I have to correct my confirmation from above: I compiled all programs as C++ (g++), which gave the roughly 2% difference. If I compile everything as C, I get about 8%, which is closer to OPs roughly 10%.

That's interesting, gcc -O0 and g++ -O0 do compile the loops differently. This is a quirk of the GCC's C vs. C++ front-ends feeding GCC's back-end different GIMPLE/RTL, or something like that, and -O0 not making the back-end fix the inefficiency. This is not anything fundamental about C vs. C++ or that you could expect from other compilers.

The C version still transforms to an idiomatic do{}while() style loop with a cmp/jle at the bottom of the loop, right after a memory-destination add. (The left pane on this Godbolt compiler explorer link). Why are loops always compiled into "do...while" style (tail jump)?

But the C++ version uses an if(break) style of looping with the condition at the top, then the memory-destination add. Funny that separating the memory-destination add from the cmp reload by only one jmp instruction makes that big a difference.

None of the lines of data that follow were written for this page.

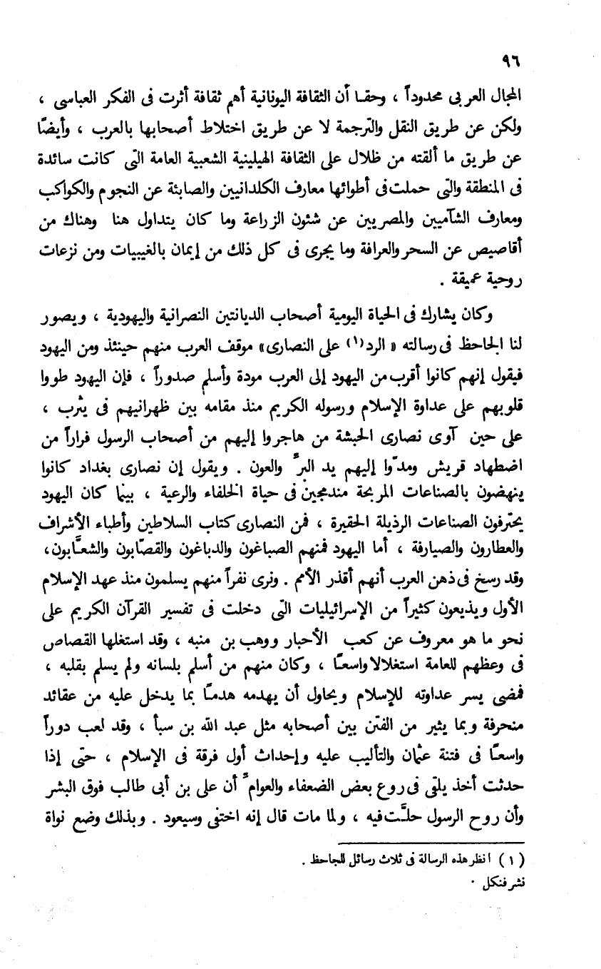 (¬1) انظر هذه الرسالة فى ثلاث رسائل للجاحظ نشر فنكل.
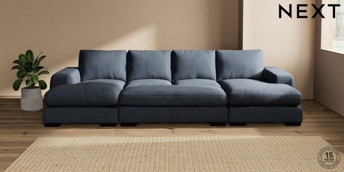 7.2.10 Houghton Deep Relaxed Sit Large - U Shaped Double Chaise with Footstool Tweedy Chenille Navy Blue Large Square Angle - Dark | Made Click here to use our website with more accessibility support, for example screen readers
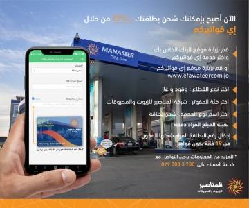 المناصير للزيوت والمحروقات و ’إي فواتيركم‘ تفعل المرحلة الثالثة لخدماتها لتشمل شحن حسابات وبطاقات eFill
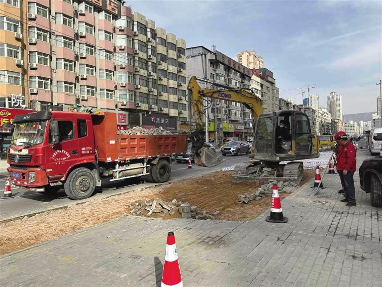 3月10日下午,記者在火車站東路金匯廣場小區(qū)門前的施工現(xiàn)場看到,挖掘機正在鏟除拓寬區(qū)域的人行道磚,附近馬路只有小半幅施工占用,對交通影響不大。

# inner loop, gcc9.2 -O0.   (Actually g++ -xc but same difference)
        jmp     .L3
.L4:                                       # do {
        add     DWORD PTR [rbp-8], 1       #   j++
.L3:                                  # loop entry point for first iteration
        cmp     DWORD PTR [rbp-8], 99999
        jle     .L4                        # }while(j<=99999)

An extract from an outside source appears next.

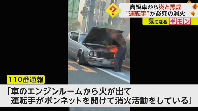 撮影された車のエンジンからは、真っ赤な炎が噴き出している。車の前では、運転手とみられる男性がタオルのようなもので、必死に火を消そうとする様子が確認できた。車両火災を目撃した人からは、「昔の車だ」という声が上がっていた。

Apparently the add/cmp back to back make this version suffer more from slower store-forwarding on Skylake / Kaby/Coffee Lake

vs. this one which isn't affected as much:

# inner loop, g++9.2 -O0
.L4:                                      # do {
        cmp     DWORD PTR [rbp-8], 99999
        jg      .L3                         # if(j>99999) break
        add     DWORD PTR [rbp-8], 1        # j++
        jmp     .L4                       # while(1)
.L3:

cmp [mem], imm / jcc might still micro and/or macro-fuse, but I forget which. IDK if that's relevant, but if the loop is more uops it can't issue as fast. Still, with the execution bottleneck of 1 iteration per 5 or 6 cycles (memory-destination add latency), the front-end is easily going to stay ahead of the back-end even if it has to compete with another hyperthread.